README.md

# em_filter
[![Hex.pm](https://img.shields.io/hexpm/v/em_filter.svg?color=darkgreen)](https://hex.pm/packages/em_filter)
[![Hex Docs](https://img.shields.io/badge/hex-docs-blue.svg)](https://hexdocs.pm/em_filter)
[![License](https://img.shields.io/badge/license-Apache%202.0-blue.svg)](LICENSE.md)

An Erlang library for building Emergence filters and agents connected to an `em_disco` discovery service.

## Features

- Connects your filter or agent to `em_disco` over a persistent WebSocket
- Automatically registers on startup and reconnects on failure
- Optionally announces agent capabilities to the `em_disco` registry
- Optionally enables per-agent memory (ETS) passed across queries
- Full set of HTML scraping utilities included

## Concepts

**Filter** — stateless node. Receives a query, returns results, remembers nothing. This is the 1.0.0 behaviour, unchanged.

**Agent** — extends a filter with two optional features:
- **Capabilities** — a list of strings (`<<"summarize">>`, `<<"llm">>`, …) announced to `em_disco` at startup via `agent_hello`. The Queen agent reads `GET /registry` to discover them.
- **Memory** — a persistent map passed to `handle/2` on every query and updated with the returned value.

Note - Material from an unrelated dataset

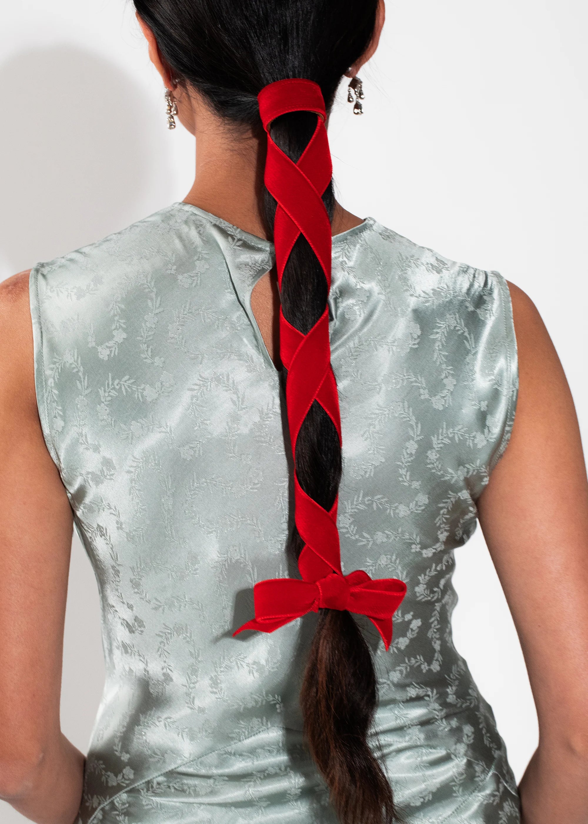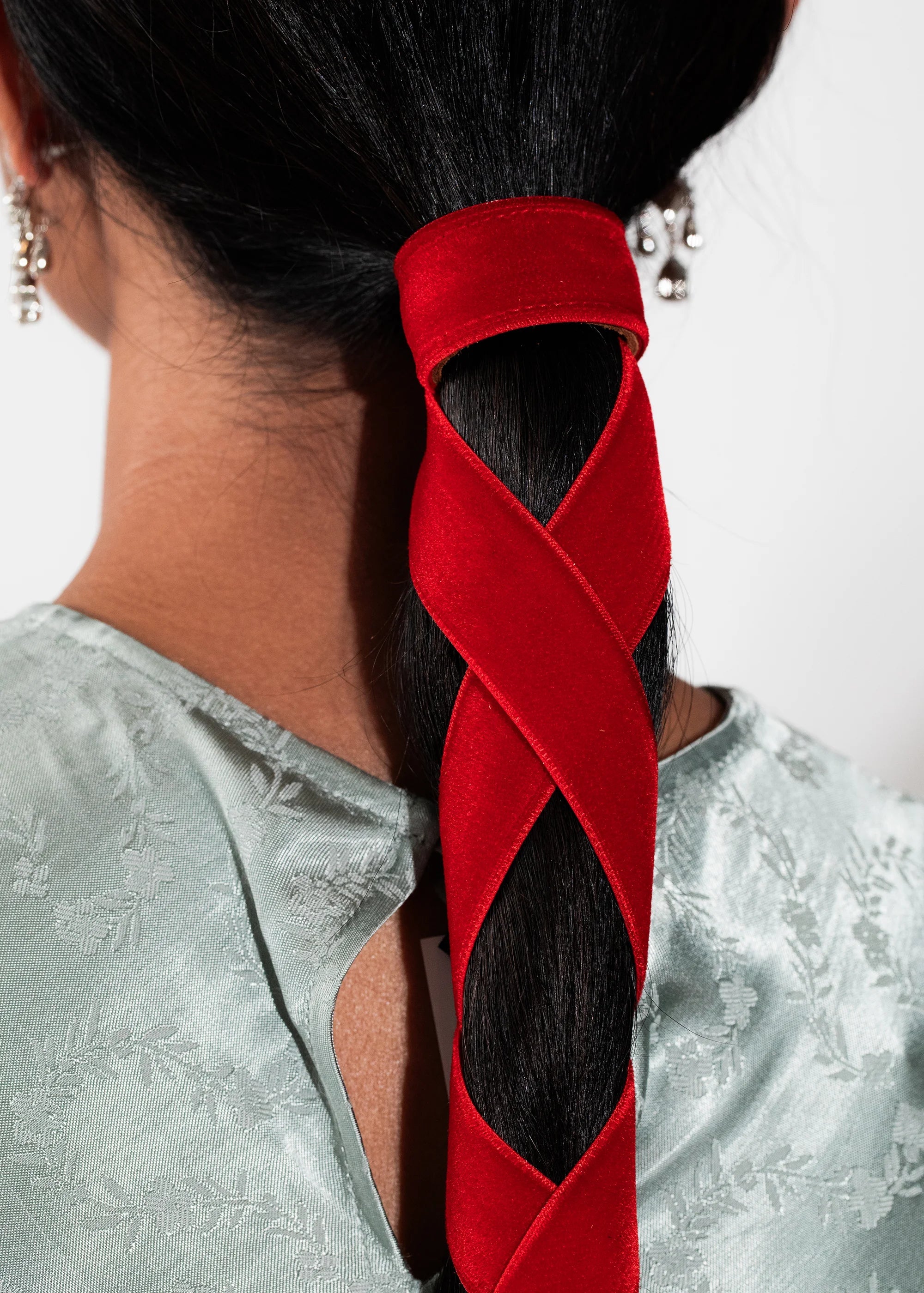 The Belle Velvet Ribbon Ponywrap is our dressed up take on our bestselling ponywrap silhouette. The long velvet ribbons create endless opportunities for styling, from tying in a bow to wrapping within a braid, the options are endless. Each one is made by hand in New York of silk velvet, with a bendable wire interior, making it possible to perfectly curve it around your ponytail, no matter its thickness. It is finished with a Japanese elastic, specifically selected for its strength and stretch. Dimensions: 3/4in x 5in

Backed by a local ETS table.

A filter started without capabilities or memory is identical to a 1.0.0 filter.

## Installation

Add to your `rebar.config`:

```erlang
{deps, [
    {em_filter, "1.1.0"}
]}.
```

## Usage

### Plain filter (unchanged from 1.0.0)

```erlang
-module(my_filter).
-export([handle/1]).

handle(Body) ->
    %% fetch, scrape, compute — return a JSON-encodable term
    json:encode(#{<<"embryo_list">> => []}).
```

```erlang
em_filter:start_filter(my_filter, my_filter).
```

### Agent with capabilities (no memory)

Announces itself to `em_disco` so the Queen can find it via `GET /registry`.
`handle/1` is still used — behaviour is stateless.

```erlang
em_filter:start_agent(my_agent, my_handler, #{
    capabilities => [<<"summarize">>, <<"llm">>]
}).
```

### Agent with memory

`handle/2` receives the current memory map and must return `{Result, NewMemory}`.
The updated memory is stored in a local ETS table and passed on the next query.

```erlang
-module(my_agent).
-export([handle/2]).

handle(Body, Memory) ->
    Seen    = maps:get(seen, Memory, []),
    Result  = do_work(Body, Seen),
    NewMem  = Memory#{seen => [Body | Seen]},
    {json:encode(Result), NewMem}.
```

```erlang
em_filter:start_agent(my_agent, my_agent, #{
    capabilities => [<<"summarize">>],
    memory       => ets
}).
```

## Configuration

The `em_disco` address is resolved in this order:

1. Environment variables `EM_DISCO_HOST` / `EM_DISCO_PORT`
2. `~/.config/emergence/emergence.conf` (Linux/macOS) or `%APPDATA%\emergence\emergence.conf` (Windows)
3. Defaults: `localhost:8080`

`emergence.conf` example:

```ini
[em_disco]
host = 192.168.1.10
port = 8080
```

## HTML utilities

The following helpers are available for filters that scrape HTML:

| Function | Description |
|---|---|
| `strip_scripts/1` | Removes `<script>` tags |
| `extract_elements/2` | CSS-style element extraction |
| `get_text/1` | Strips all HTML tags |
| `extract_attribute/2` | Extracts a tag attribute value |
| `clean_text/3` | Strips noise and decodes entities |
| `decode_html_entities/1` | Decodes `&amp;`, `&#x…;`, `&#…;` |
| `should_skip_link/2` | Filters out unwanted URLs |

## License

Apache 2.0 — see [LICENSE.md](LICENSE.md).